Plenário do TSE julga suspensão de pesquisa contestada por Flávio

Em decisão monocrática, Nunes Marques aceitou tese de que AtlasIntel induziu negativamente pesquisados

Por Gabriela Gallo

Nunes Marques viu "indícios de comprometimento" da pesquisa AtlasIntel

O presidente do Tribunal Superior Eleitoral (TSE), ministro Kassio Nunes Marques, aceitou o pedido do Partido Liberal (PL) e determinou, nesta segunda-feira (8), a suspensão da pesquisa de intenção de votos do Instituto AtlasIntel de maio que registrou uma queda de cinco pontos percentuais do pré-candidato à Presidência Flávio Bolsonaro (PL-RJ), após o vazamento de conversas entre o senador e o dono do Banco Master, Daniel Vorcaro. Como foi uma decisão monocrática, a medida será analisada no plenário do tribunal, com expectativa de ser votada na sessão desta terça-feira (9).

Após a divulgação da pesquisa, a equipe do senador da República e o PL acionaram o TSE alegando que as perguntas elaboradas pelo questionário estariam induzindo os eleitores entrevistados a uma percepção negativa sobre Flávio Bolsonaro, como questionamentos referentes a um “esquema de fraudes financeiras”. Além disso, ao final, os pesquisadores mostravam o áudio da conversa entre Flávio e Vorcaro.

A pesquisa foi a primeira a avaliar o impacto das trocas mensagens e áudios entre Flávio em Vorcaro no qual o senador cobrava do banqueiro dinheiro que este havia prometido para financiar o filme autobiográfico do ex-presidente Jair Bolsonaro (PL), “Dark Horse”.

“Comprometimento”

Na decisão preliminar de Nunes Marques, o magistrado avaliou que existem “elementos minimamente consistentes” que indicam possível comprometimento da neutralidade metodológica da pesquisa. “A controvérsia suscitada nos autos não se limita, portanto, à mera discordância quanto às escolhas metodológicas da representada, mas envolve alegação objetiva de possível utilização do questionário como mecanismo de indução do entrevistado”, defendeu o magistrado.

Em nota divulgada para a imprensa, a AtlasIntel informou que respeitará a decisão do presidente do TSE, mas negou qualquer viés político partidário na elaboração das perguntas e da metodologia. O instituto ainda reiterou que os áudios entre Flávio e Vorcaro somente foram apresentados aos entrevistados após os eleitores responderem aos questionamentos.

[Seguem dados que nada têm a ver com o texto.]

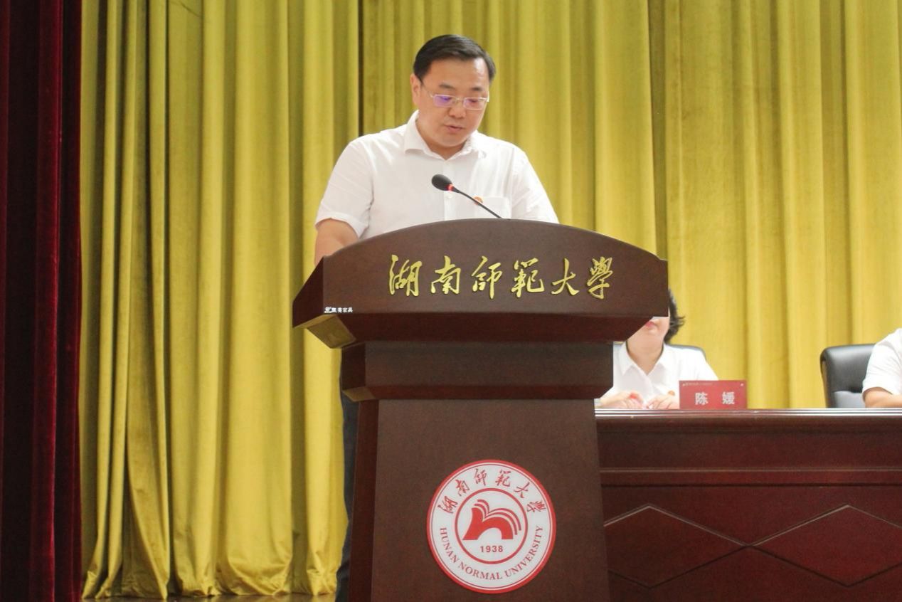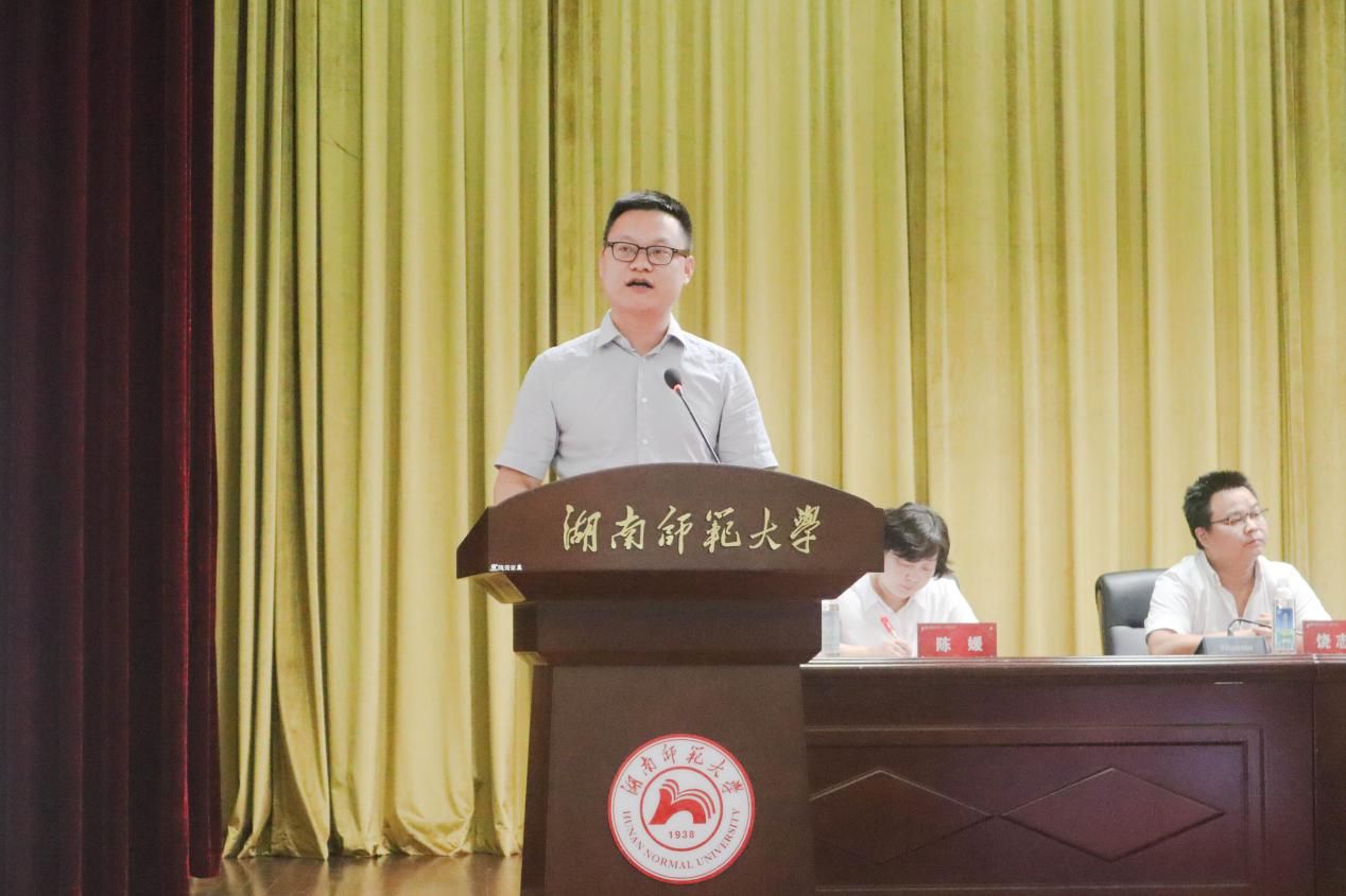 学院硕士生导师、湖南省国土空间规划学会科普工作委员会委员、中国地质学会会员、学院地学博物馆馆长、地理科学系副系主任易立文副教授代表教师发言。他希望同学们传承和弘扬“仁爱精勤”的校训精神,争做标杆,追求卓越,在湖南师范大学书写人生最美丽的青春篇章。
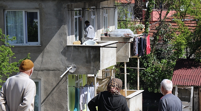 Zonguldak'ta emekli bir maden işçisi, iki katlı binanın üst katındaki evinin balkonunda kendini astı. Mahalleli ise telefonla fotoğraf çekmeye çalıştı.
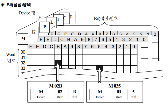 Bit 영역 Device라도 Word 단위 명령을 사용하면 16bit 묶음으로 해석되어 수치 데이터로 사용할 수 있다.
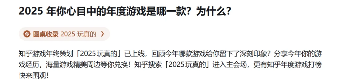 知乎官方自然也了解到了玩家的需求,今年顺势发起了“2025 玩真的”年度游戏&年度游戏人物评选活动,把年度盘点和评选的权利交给玩家,同时还召开了线上同名圆桌讨论。上面的优质回答,便来自于这场圆桌问答。
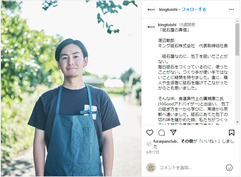そこで、昨秋に好評を博したキング砥石の渡辺社長をお招きして包丁の砥ぎ教室を開催いたします。 1940年創業のキング砥石は、やきものの街・常滑市でプロユースから家庭用まで多種多様の砥石を製造する老舗メーカーです。 只今、家庭向けの新たなブランディングを手掛けて10Goodシリーズが 発売されています。こちらで、お手元の包丁をご自身の手で復活させましょう。
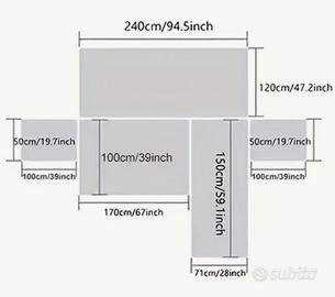 Dimensioni: 2,40 x 2,70 metri, recersibile quindi adatto per divani grandi con penisola a DX o SX o angolari.
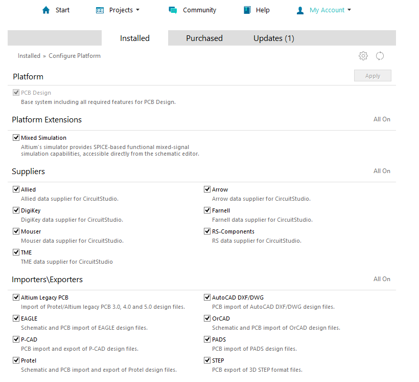 Is there a way of installing new importers into Circuit Studio? When I first installed it I made the mistake of thinking "I'll never need that importer" so disabled it. Now, of course, I need it.
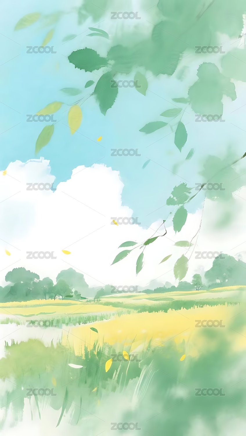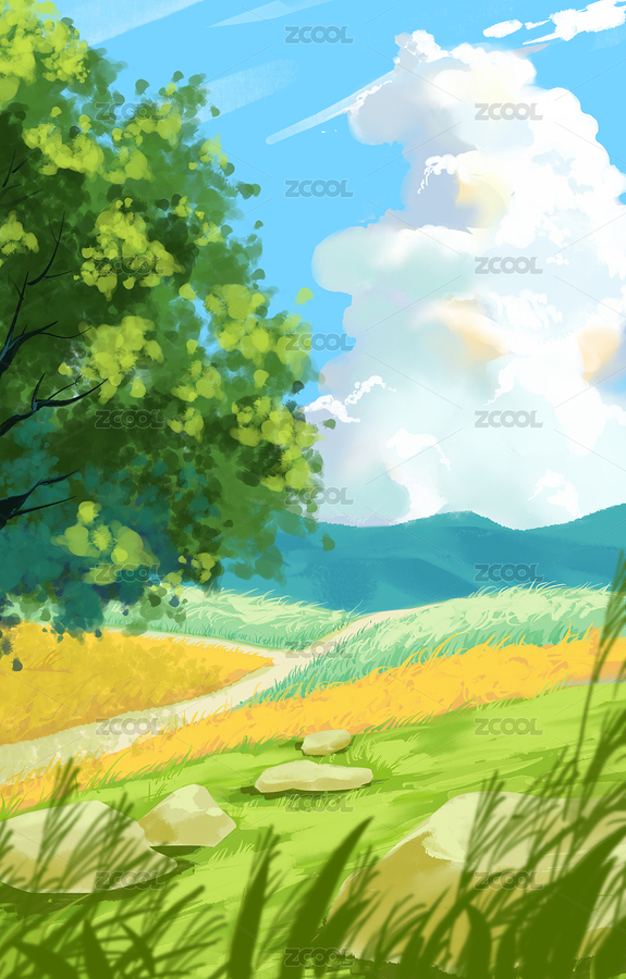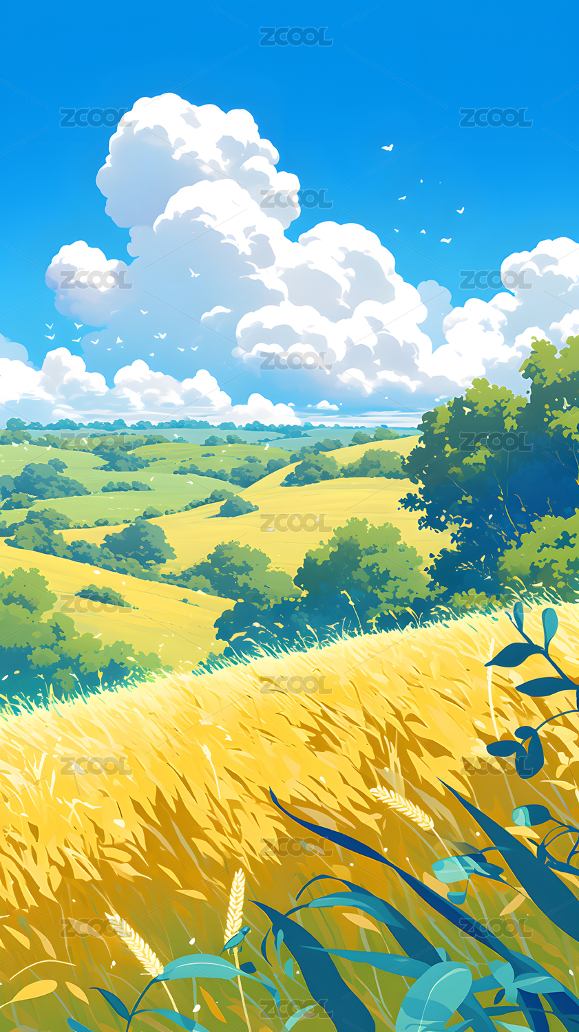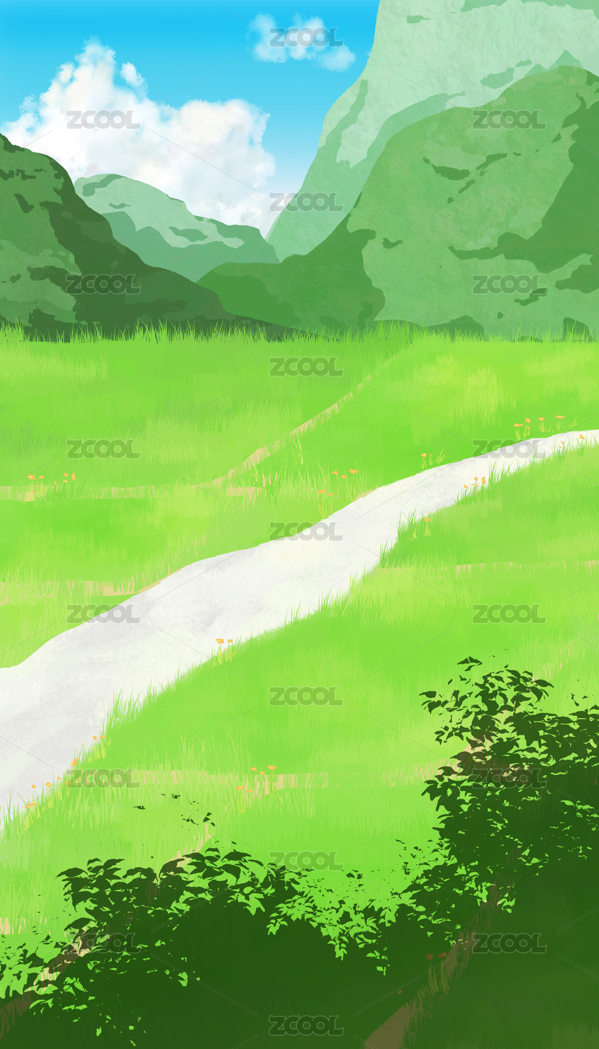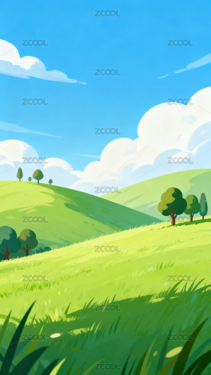 蓝天下的大草原与远处起伏的山脉唯美风景

“Após o encerramento definitivo do questionário – sem qualquer possibilidade de retornar às perguntas anteriores ou alterar respostas já registradas – os participantes eram redirecionados para uma página completamente separada do questionário, onde eram convidados a registrar suas reações enquanto ouviam o áudio por meio da ferramenta Atlas VRC”, informou a AtlasIntel.

Desconfiança

Ao Correio da Manhã, o professor de políticas públicas do Ibmec Brasília Jackson De Toni avaliou como negativa a decisão do ministro do TSE e considera que ela “aprofunda a crise de confiança nas instituições”.

“Como Nunes Marques foi indicado ao STF [Supremo Tribunal Federal] por Jair Bolsonaro — que já declarou publicamente ter ‘dois nossos’ na Corte —, sua atuação monocrática para barrar um levantamento desfavorável a um aliado político reforça a percepção de partidarismo. Esse cenário agrava a já fragilizada credibilidade do Judiciário, considerando que 60% dos brasileiros não confiam no Supremo Tribunal Federal e têm como principal crítica justamente a falta de imparcialidade entre rivais políticos”, ele ressaltou para a reportagem.

O professor ainda ressaltou que, para além do desgaste institucional, “a medida gera um grave risco de judicialização da informação e de censura prévia, limitando o acesso dos eleitores a dados relevantes para o livre debate democrático”.

“A atitude do ministro também entra em contradição com o seu próprio discurso de posse no TSE, ocasião em que prometeu atuar com moderação e resguardar a liberdade de expressão. Ao censurar um instituto que defende o rigor técnico e a isenção de sua metodologia, a decisão abre margem para questionamentos sobre a lisura do pleito, alimentando a narrativa de que certos candidatos tentam vencer no ‘tapetão’ judicial por não aceitarem o desgaste eleitoral refletido nas pesquisas”, ponderou Jackson.